What is being asked: Everything in the records below except the images should be output exactly as written.
======== Listed entries ========
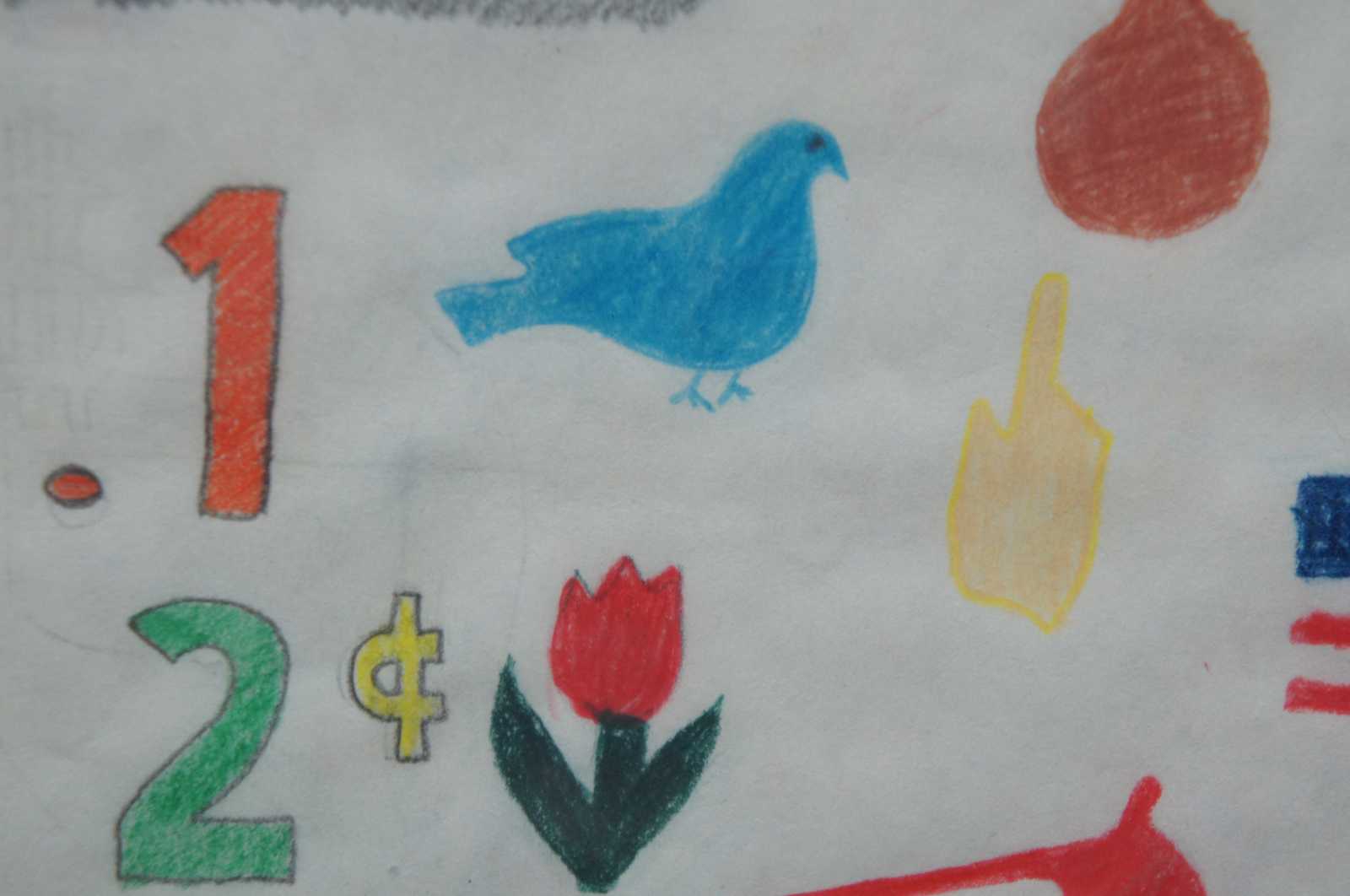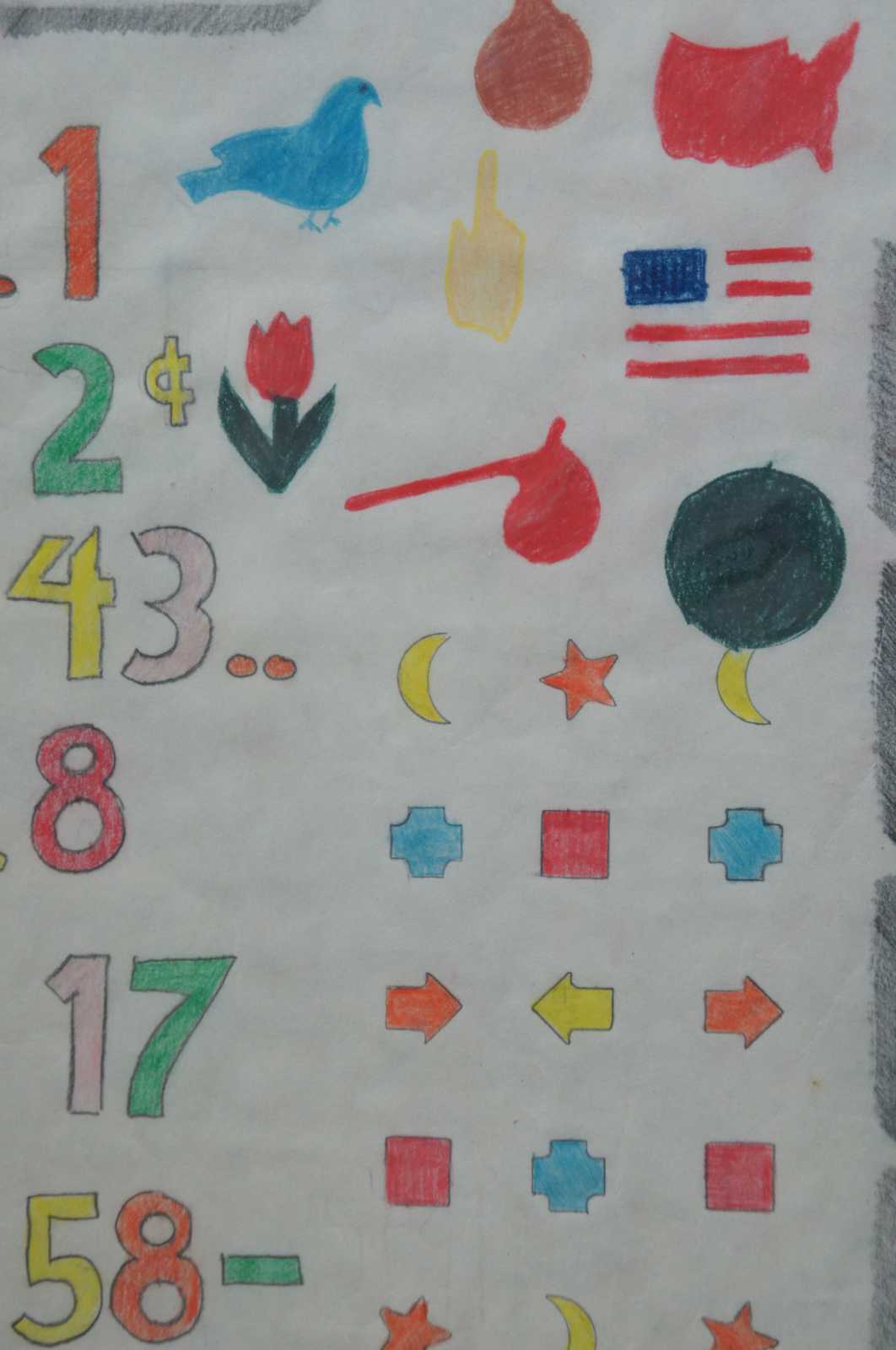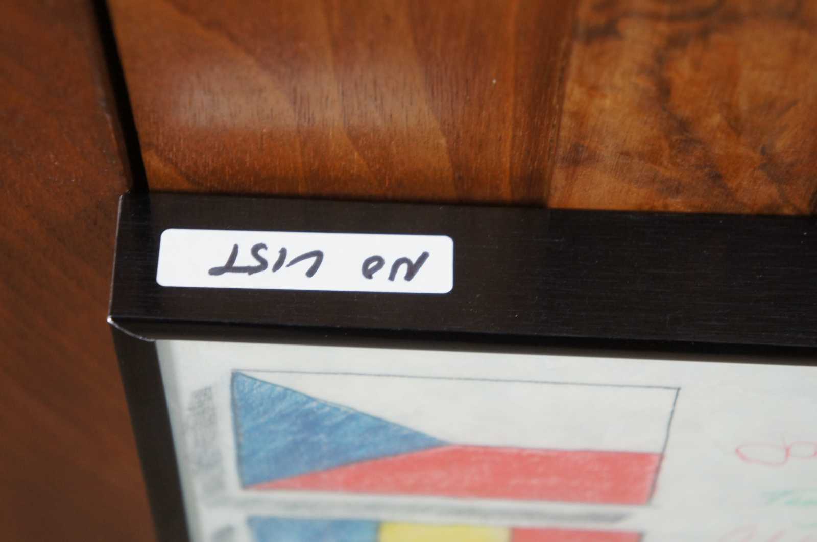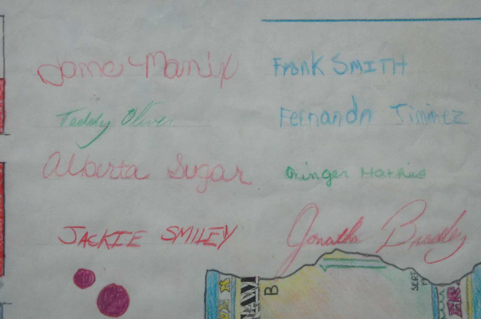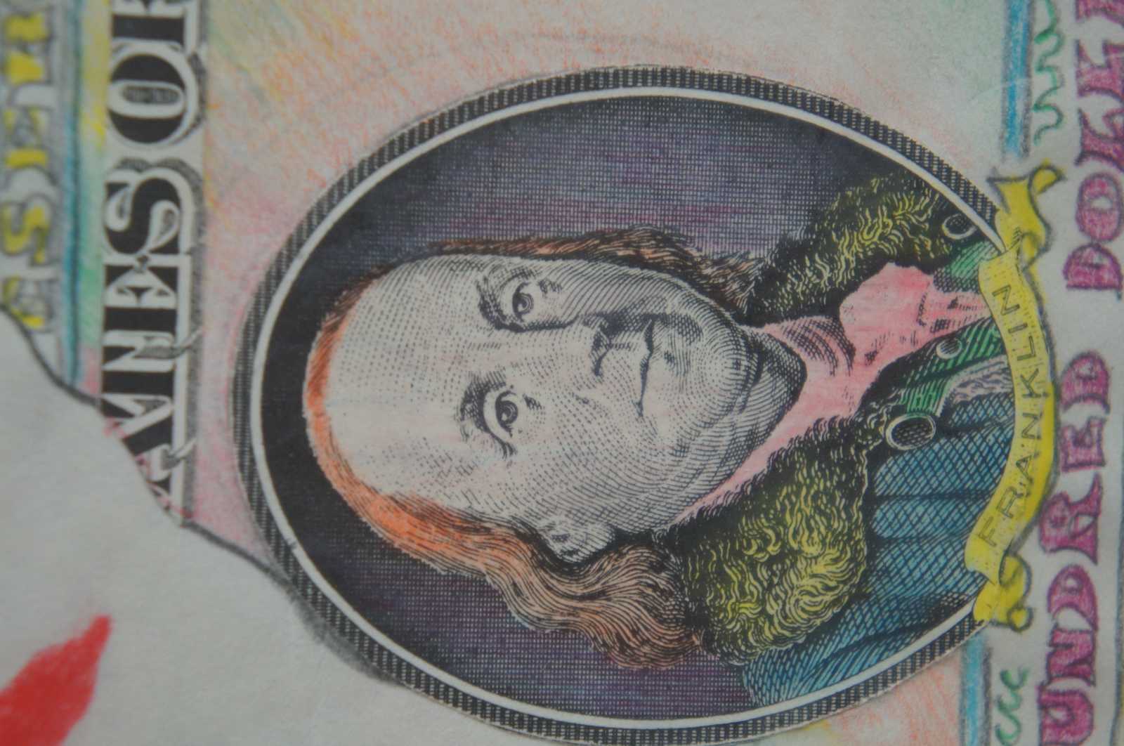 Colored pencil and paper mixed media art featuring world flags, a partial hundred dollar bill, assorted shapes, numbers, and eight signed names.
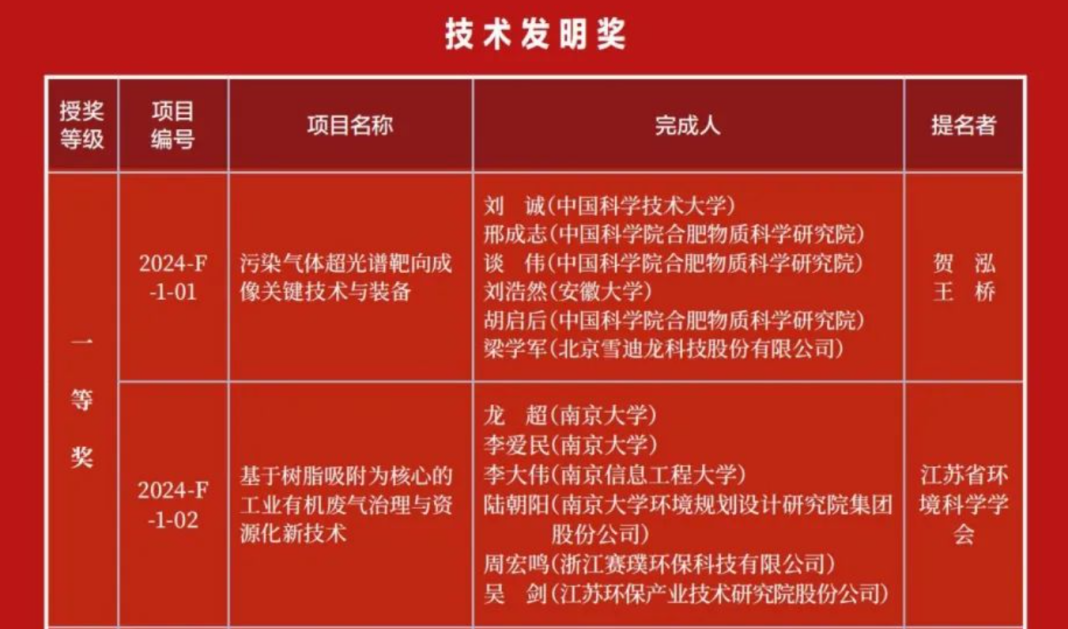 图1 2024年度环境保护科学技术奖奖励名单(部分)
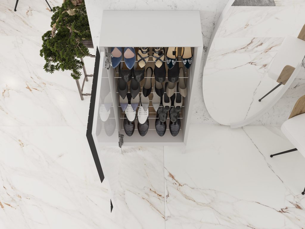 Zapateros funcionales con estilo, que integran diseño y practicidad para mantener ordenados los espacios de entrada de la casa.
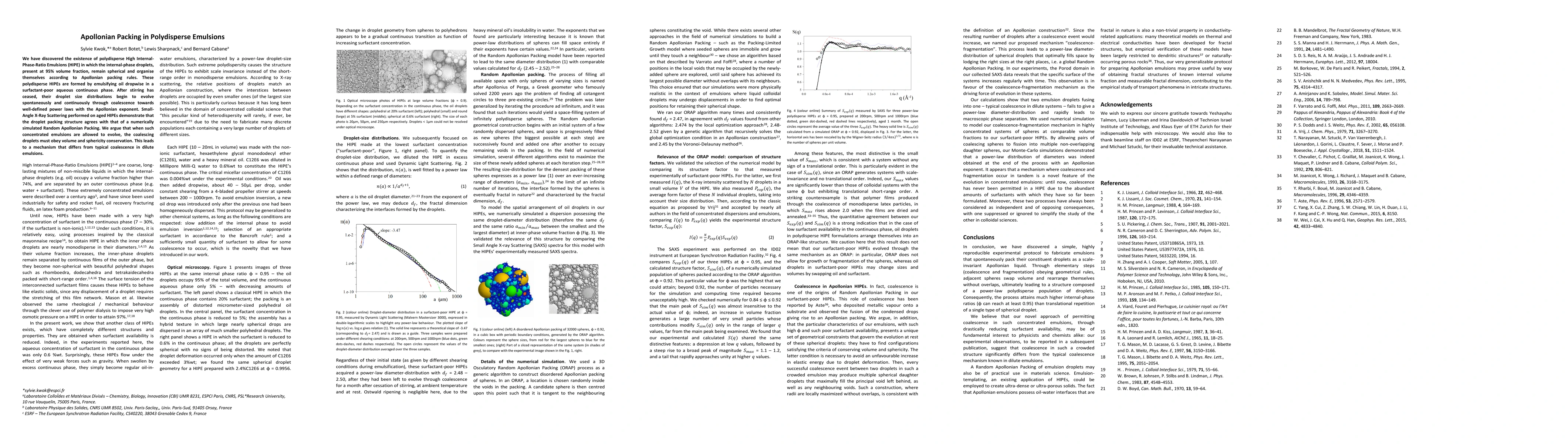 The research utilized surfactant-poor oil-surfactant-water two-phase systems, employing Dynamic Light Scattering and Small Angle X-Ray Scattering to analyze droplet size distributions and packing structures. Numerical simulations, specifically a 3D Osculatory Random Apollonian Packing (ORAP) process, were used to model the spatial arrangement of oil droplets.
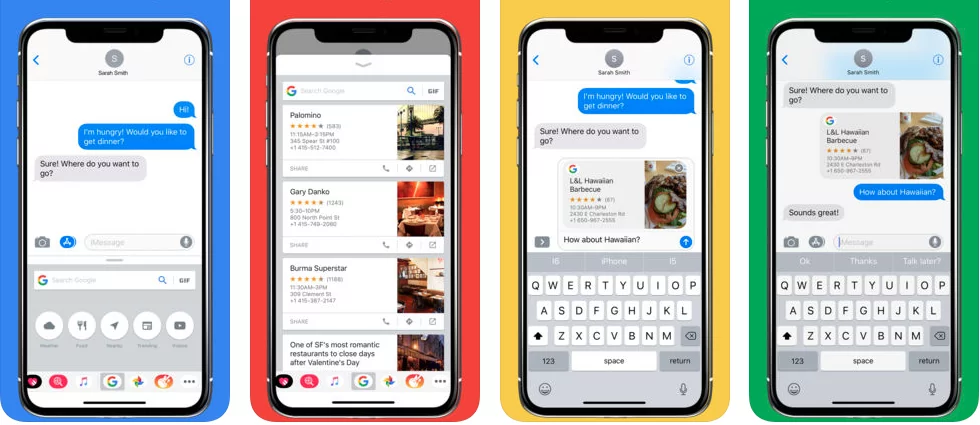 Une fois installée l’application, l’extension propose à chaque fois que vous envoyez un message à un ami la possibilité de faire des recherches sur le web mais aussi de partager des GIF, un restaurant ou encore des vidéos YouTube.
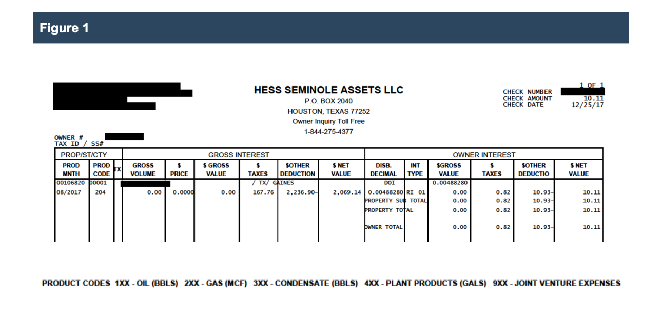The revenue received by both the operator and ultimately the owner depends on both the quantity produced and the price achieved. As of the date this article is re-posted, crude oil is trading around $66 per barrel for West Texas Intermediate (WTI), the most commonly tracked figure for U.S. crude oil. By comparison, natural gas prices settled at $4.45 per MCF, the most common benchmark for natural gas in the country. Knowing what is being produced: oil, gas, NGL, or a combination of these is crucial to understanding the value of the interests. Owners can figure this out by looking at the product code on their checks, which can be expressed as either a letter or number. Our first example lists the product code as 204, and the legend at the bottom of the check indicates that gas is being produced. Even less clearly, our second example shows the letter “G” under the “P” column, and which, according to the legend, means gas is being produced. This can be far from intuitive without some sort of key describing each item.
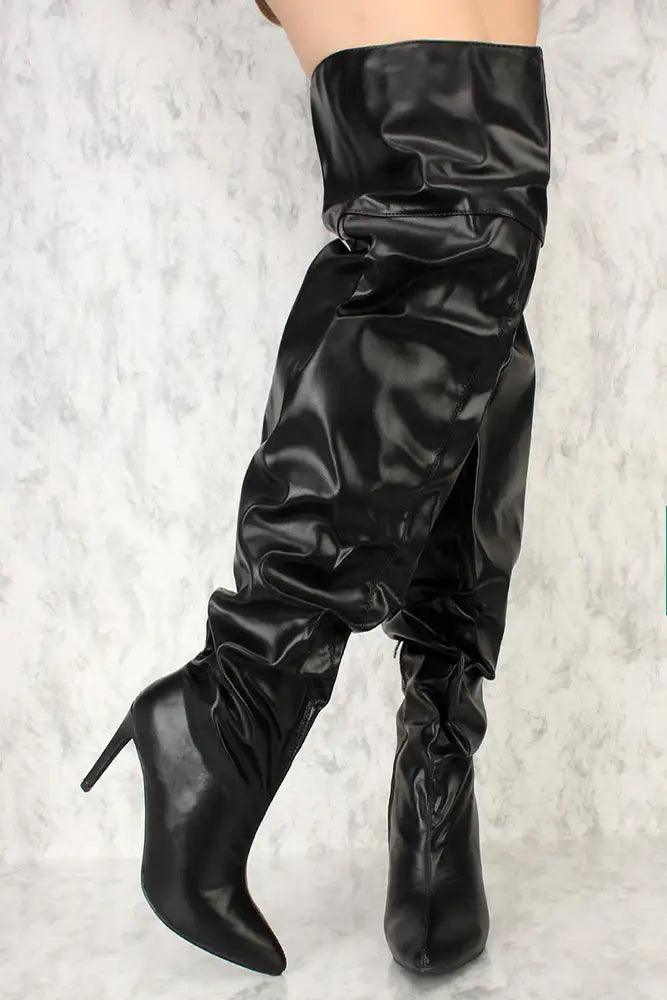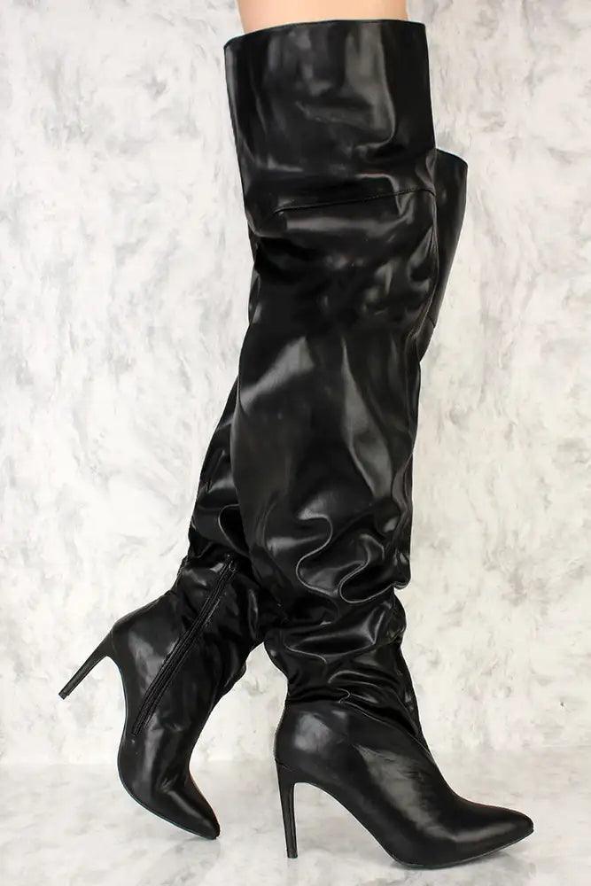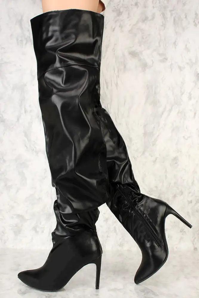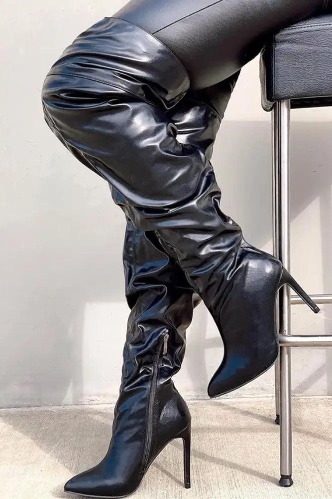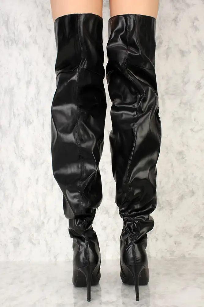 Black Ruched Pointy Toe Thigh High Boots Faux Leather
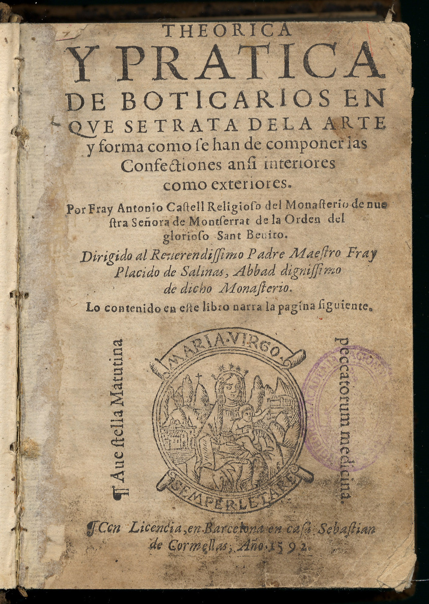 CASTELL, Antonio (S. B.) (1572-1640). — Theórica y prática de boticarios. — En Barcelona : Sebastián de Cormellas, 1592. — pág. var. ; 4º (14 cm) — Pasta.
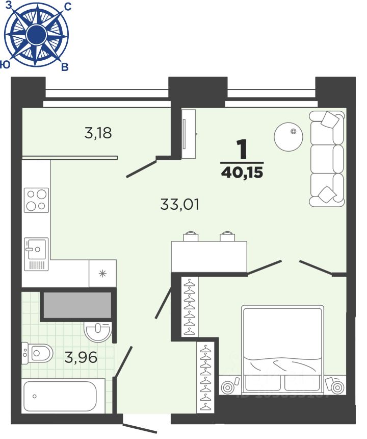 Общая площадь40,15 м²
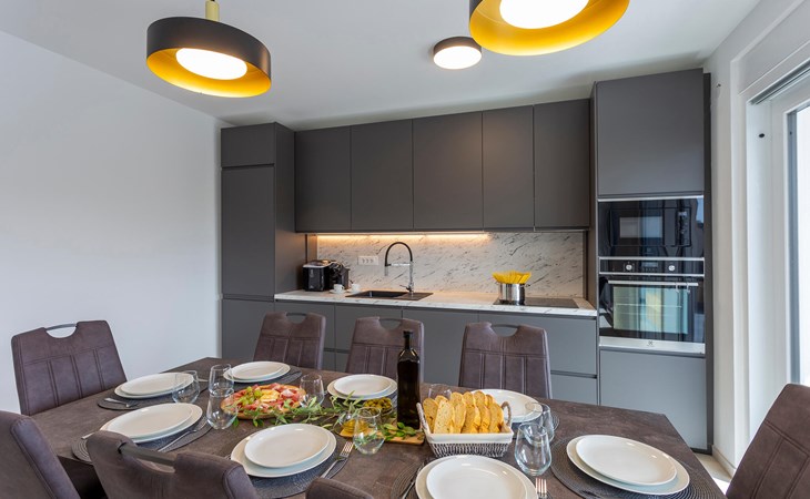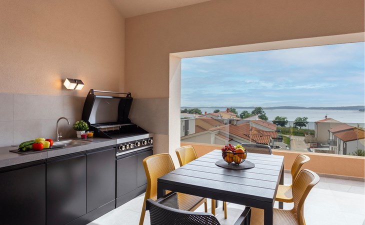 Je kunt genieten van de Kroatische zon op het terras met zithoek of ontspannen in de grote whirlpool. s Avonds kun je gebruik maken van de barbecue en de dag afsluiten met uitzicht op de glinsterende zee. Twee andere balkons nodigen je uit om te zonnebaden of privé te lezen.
========
Response to this task:
 Colored pencil and paper mixed media art featuring world flags, a partial hundred dollar bill, assorted shapes, numbers, and eight signed names.
 图1 2024年度环境保护科学技术奖奖励名单(部分)
 Zapateros funcionales con estilo, que integran diseño y practicidad para mantener ordenados los espacios de entrada de la casa.
 The research utilized surfactant-poor oil-surfactant-water two-phase systems, employing Dynamic Light Scattering and Small Angle X-Ray Scattering to analyze droplet size distributions and packing structures. Numerical simulations, specifically a 3D Osculatory Random Apollonian Packing (ORAP) process, were used to model the spatial arrangement of oil droplets.
 Une fois installée l’application, l’extension propose à chaque fois que vous envoyez un message à un ami la possibilité de faire des recherches sur le web mais aussi de partager des GIF, un restaurant ou encore des vidéos YouTube.
The revenue received by both the operator and ultimately the owner depends on both the quantity produced and the price achieved. As of the date this article is re-posted, crude oil is trading around $66 per barrel for West Texas Intermediate (WTI), the most commonly tracked figure for U.S. crude oil. By comparison, natural gas prices settled at $4.45 per MCF, the most common benchmark for natural gas in the country. Knowing what is being produced: oil, gas, NGL, or a combination of these is crucial to understanding the value of the interests. Owners can figure this out by looking at the product code on their checks, which can be expressed as either a letter or number. Our first example lists the product code as 204, and the legend at the bottom of the check indicates that gas is being produced. Even less clearly, our second example shows the letter “G” under the “P” column, and which, according to the legend, means gas is being produced. This can be far from intuitive without some sort of key describing each item.
 Black Ruched Pointy Toe Thigh High Boots Faux Leather
 CASTELL, Antonio (S. B.) (1572-1640). — Theórica y prática de boticarios. — En Barcelona : Sebastián de Cormellas, 1592. — pág. var. ; 4º (14 cm) — Pasta.
 Общая площадь40,15 м²
 Je kunt genieten van de Kroatische zon op het terras met zithoek of ontspannen in de grote whirlpool. s Avonds kun je gebruik maken van de barbecue en de dag afsluiten met uitzicht op de glinsterende zee. Twee andere balkons nodigen je uit om te zonnebaden of privé te lezen.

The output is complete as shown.